We used optical microscopy (OLYMPUS MX61, Japan) to observe the morphologies of the etched surfaces. The morphologies of the laser-damaged samples were also observed. The magnification during the observation was controlled to be 500×. The surface roughness R_q (RMS, root mean square) value of each fused silica sample was measured using a confocal white-light interferometer (SENSOFAR PLU NEOX 3D, Spain) with a 768 pixel × 576 pixel resolution. A total of five measurements with an area of 250 μm × 180 μm were randomly chosen to obtain the mean roughness value of each sample.
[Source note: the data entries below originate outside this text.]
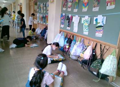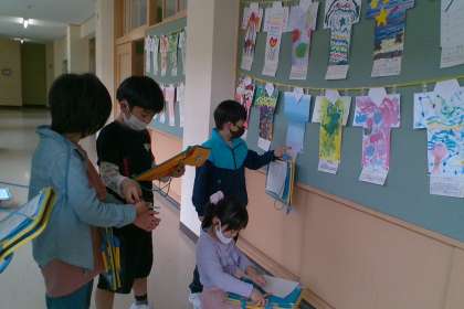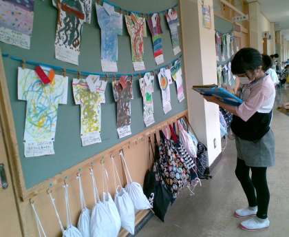 図画工作科「絵の具+水+ふで=いいかんじ」の学習で仕上がったTシャツを鑑賞しました。「この色どうやって作っているのだろう。」「筆の使い方がおもしろいな。」など、友達の作品の素敵なところを伝え合っていました。
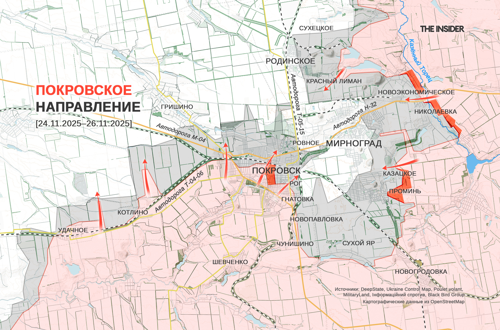 О главных событиях войны 25 ноября — в предыдущей сводке: Часть Северска в «серой зоне», в Таганроге уничтожены два экспериментальных российских самолета: А-60 и А-100. Что происходит на фронте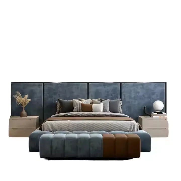 Transform your sleeping sanctuary with our Luxury Modern Bedroom Furniture featuring a sophisticated Queen or King Size Solid Wood Upholstered Bed. With a stunning design in luxury leather, this bed is the epitome of elegance and comfort, combining high-quality materials and modern aesthetics to elevate any space.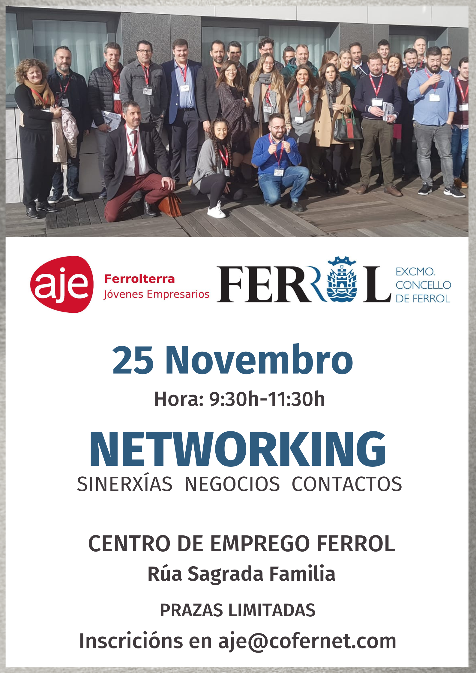 AJE Ferrolterra en colaboración con el Concello de Ferrol lleva a cabo el 25 de noviembre una jornada de Networking en el Centro de Empleo del Concello con el objetivo de crear sinergías entre los participantes y generar negocio entre si.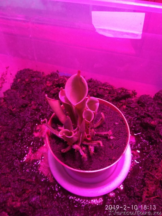 Давайте немного разберем написанное, действительно гелиамфору сразу после покупки нельзя ставить на солнце, особенно на южные подоконники, обгорают очень быстро. Досветка лампами - приобретите диодную фито лампу от 15Вт, одной будет достаточно для растения, 40 Вт это слишком много, растение начнет обгорать, да и нет смысла покупать линейную фито лампу 40 вт для 1 растения. Люминисцентная холодного свечения не даст Вам необходимого спектра чем 1 фито лампа. Расстояние 10-15 см это очень близко. Смотрите по состоянию растения. Таскать растение по квартире тоже не следует, лучше сразу поставьте его на окно, притеняя его от солнечного света. Я использую горшки с авто поливом. Грунт я использовал серамис классический + верховой торф 1:1.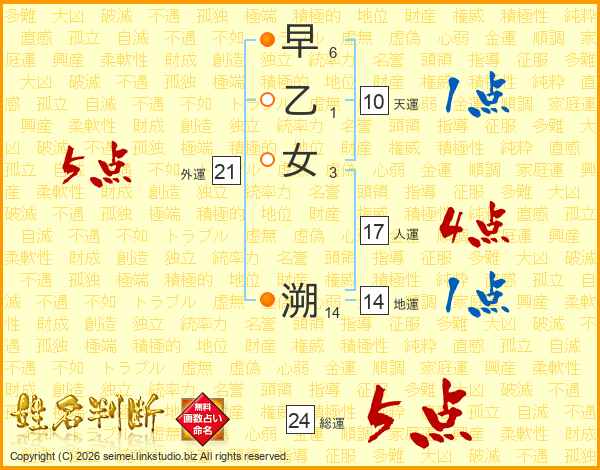 早乙女溯さんの外運は21画の5点!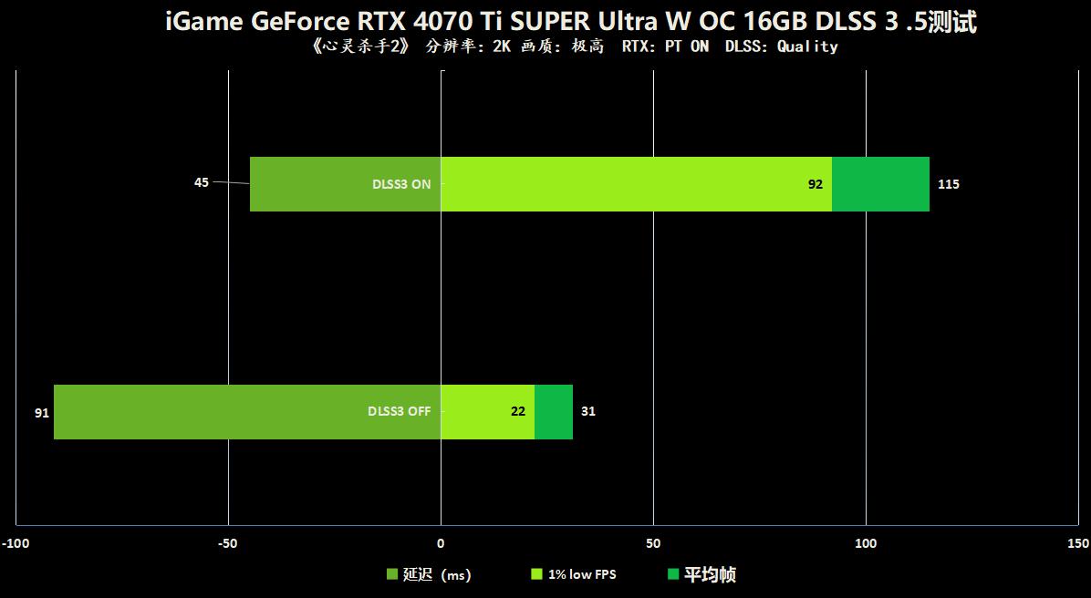 对比开关DLSS 3.5前后,我们发现不仅帧数获得了高达3倍以上的提升来到了115FPS,延迟正好也缩减了一半,游戏手感大幅度提升,从30FPS几乎不可玩的程度来到高帧数,这就是DLSS 3.5带给玩家的震撼体验。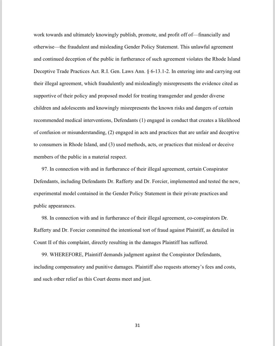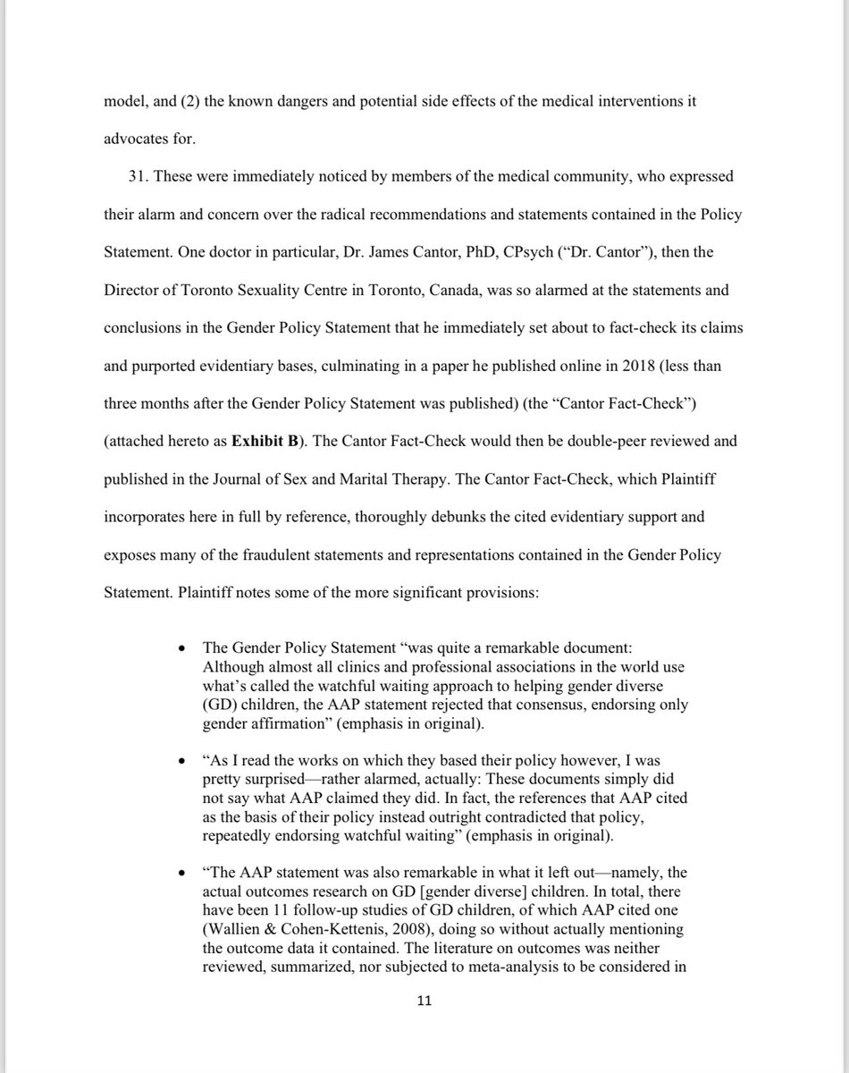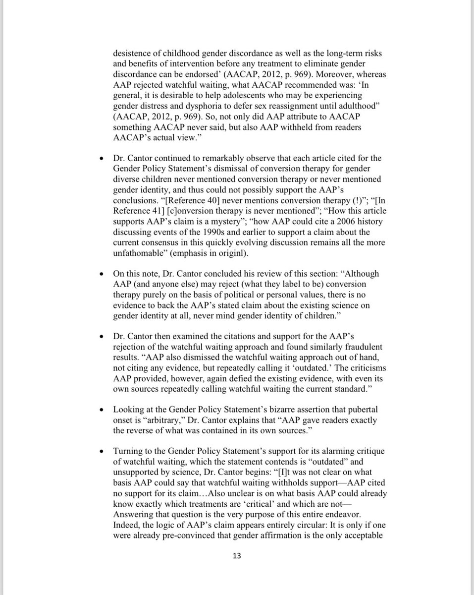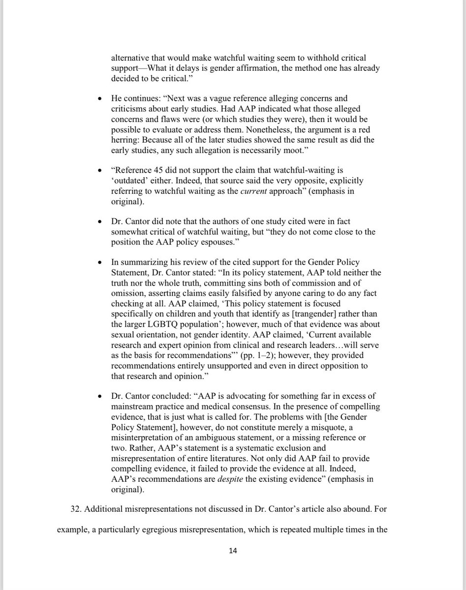 Under the AAP’s so-called ‘gender-affirmative care’ model, the charlatans named in this lawsuit advocate for the immediate, unquestioned embrace of a child's chosen ‘gender identity.’ They also advocate for immediate ‘social transitioning’ of the child to the newly chosen gender identity, and encourage puberty blocking drugs and cross-sex hormones. Notably, at least four of the six members of the Committee including Defendants Dr. Rafferty, Dr. Forcier, Dr. Allen, and Dr. Sherer —worked at pediatric gender clinics that prescribe puberty blockers and cross-sex hormones to patients as young as 10 and Instead of supporting the conclusions and recommendations contained in the policy statement with scientific evidence, they fraudulently and misleadingly cited evidence that did not support any of their conclusions and recommendations, and they knowingly misrepresented the known risks and dangers of some of the medical interventions the policy statement promoted.

Various scattering (SC) characteristics of the combined etched fused silica surfaces were measured using a self-developed laser-induced fluorescence microscopy system. The system allows simultaneous measurement of SC features. The SC signals on the sample surfaces were excited by a green laser with a wavelength of 532 nm. We obtained a large 3 mm × 3 mm image by stitching together 25 (5 × 5) sub-images. To obtain statistical results, the total size, standard deviation (std. dev.) of the sizes, and the total number of SC objects were determined using the analysis software Image-Pro.

The transmission of the samples treated with different combined etching processes was measured using a UV/VIS-spectrometer (Lambda 950 from PerkinElmer, Inc.) to investigate the effect of the HF-based etching process on the optical absorption of the samples. The spectrometer has a detection wavelength range of 200 nm to 800 nm. Five regions were randomly chosen on each sample surface to obtain a convincing result. We fixed the samples on a stage in the same position and angle to ensure that all the transmission results were comparable.
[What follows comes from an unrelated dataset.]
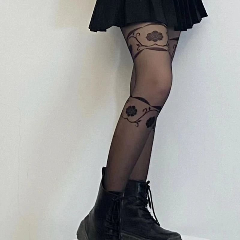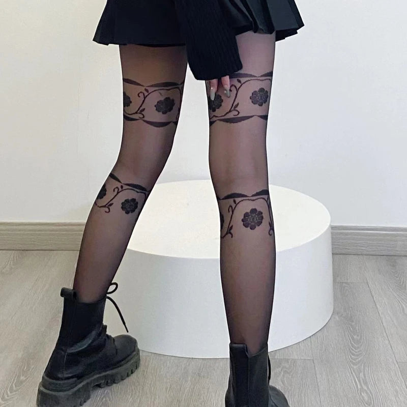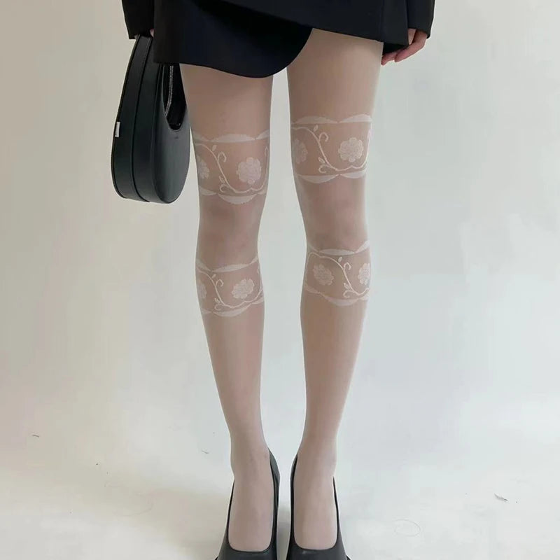 韓国風フラワー柄パンティーストッキング スリムレッグ レディース 薄手タイツ 夏秋用 レトロ ハイエラスティック ロング太ももストッキング 女性用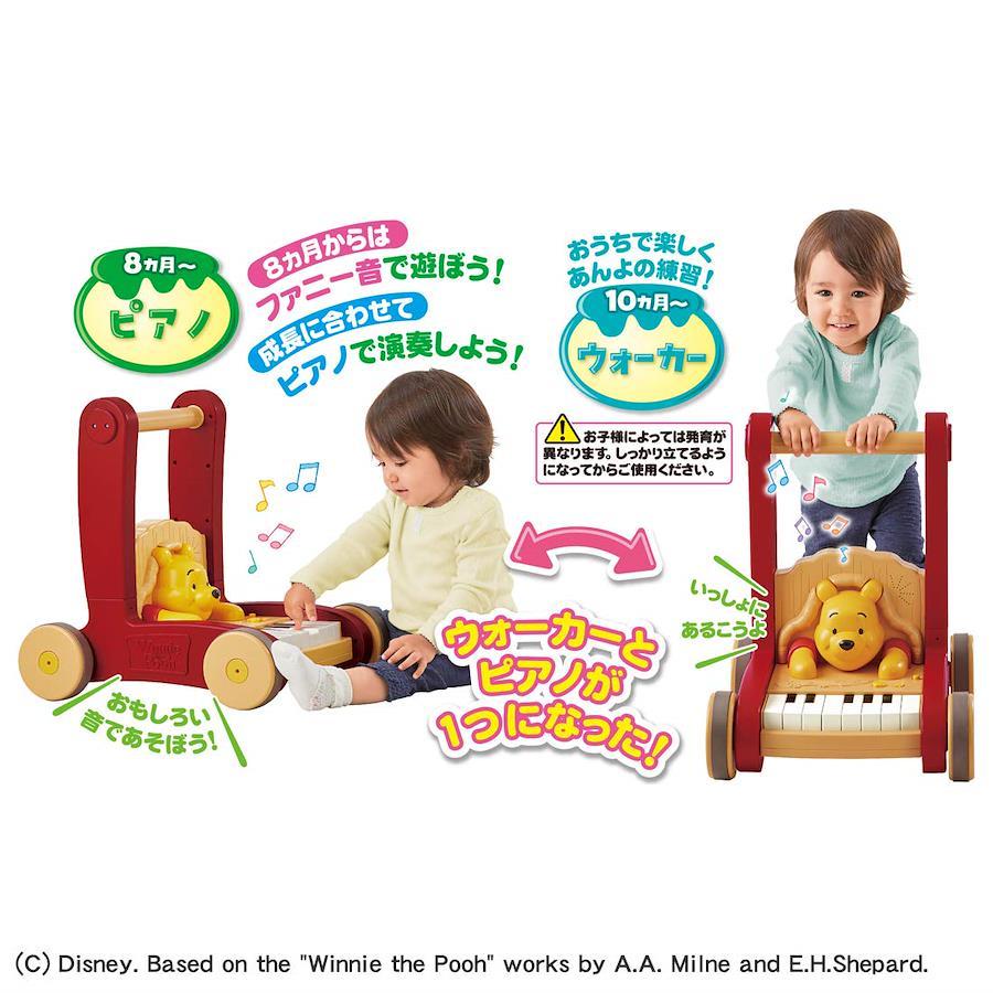 赤ちゃんのウォーカーとピアノトイが1つになりました!くまのプーさんがかわいく動いて赤ちゃんのあんよを応援します。【ピアノ遊び】(1)楽器モード:鍵盤を弾くと3種類の楽器の音(弦楽・オルゴール・ピアノ)でドレミファソラシドを演奏できます。3和音までだせます。(2)ファニー音モード:鍵盤を触ると、たのしいファニー音が出ます。一つ一つの鍵盤に違う音が割り当てられておりハニーポットボタンを押すと違うファニー音のパターンに切り替わります。※パターンは3種です。【ウォーカー遊び】ウォーカーを押すと歩く速度に応じたスピードで音楽が鳴り、プーさんのおしりがかわいく動きます。13種類のプーさんのキャラクターボイスや、17種類の楽しいファニー音、7種類の異なるリズムの音楽が入って、おすわりからあんよまでなが~く遊べます。【セット内容】本体(1),持ち手(一度はめたら取り外しできません)(1), 単3形アルカリ乾電池3本使用(電池は別売です。) ※電池はアルカリ乾電池をご使用ください。 ※誤飲防止のため、電池ケース蓋に「ネジ止め式」を採用しています。 (c) Disney.Based on the "Winnie the Pooh" works by A.A.Milne and E.H.Shepard. パッケージ重量: 2.92 kg 対象性別: unisex

Fluorescence (FL) emission spectra can be used to determine the typical chemical structure defects (e.g., ODCs) on fused silica surfaces. In this study, we measured the FL emission spectra of the etched samples using a xenon lamp as the excitation source with a wavelength of 210 nm (∼5.9 eV). The exciting laser beam was focused on the sample surfaces with a 45° incidence angle. The FL emission signal was detected through a photomultiplier. The position and angle of each sample were fixed to be consistent. A detailed description of the FL spectra measurement has been reported elsewhere.²⁵

Results

After RIE and HF-based etching, the treated samples and the as-polished sample were subjected to the LIDT test. Fig. 3 shows the relationship between the laser fluence and the 1-on-1 damage probability of the samples. Similarly to in our previous work,^23,25 the damage threshold of the combined etched surface was much higher than that of the unetched surface. This great improvement was attributed to the effective removal of the subsurface damage layer, which contains abrasive residues and other polishing-induced contaminants. It can also be noted from the figure that the second set of samples (those treated with RIE followed by HF/NH₄F etching) exhibited an increased LIDT compared to the first set of samples (those treated with RIE followed by HF etching). The results indicated that the addition of NH₄F to the HF solution was beneficial for improving the LIDT of fused silica.

Fig. 3 Laser damage probability of various surfaces treated with different HF-based etching processes. The quality factor (peak energy/average energy) of the laser beam spot was approximately 2.2. The energy density uncertainty of the testing system is 4.5%.

Table 1 shows a summary of the damage probabilities of the two sets of combined etched samples, as well as that of the unetched sample. From the data in this table, more interesting information can be obtained. The surfaces treated with RIE followed by HF etching at three different etching depths showed little difference among their 0% probability LIDT (27.8 J cm⁻², 27.4 J cm⁻², and 29.5 J cm⁻², respectively) and 100% probability LIDT (61.5 J cm⁻², 61.3 J cm⁻², and 70.6 J cm⁻²). For the surfaces treated with RIE followed by HF/NH₄F etching, the 0% probability damage threshold first increased and then decreased with increasing etching depth. The greatest improvement in the 0% probability LIDT was obtained at a 2 μm HF/NH₄F etching depth (43.7 J cm⁻²), while that in the 100% probability LIDT was obtained after the sample surface underwent 3 μm HF/NH₄F etching (86.5 J cm⁻²).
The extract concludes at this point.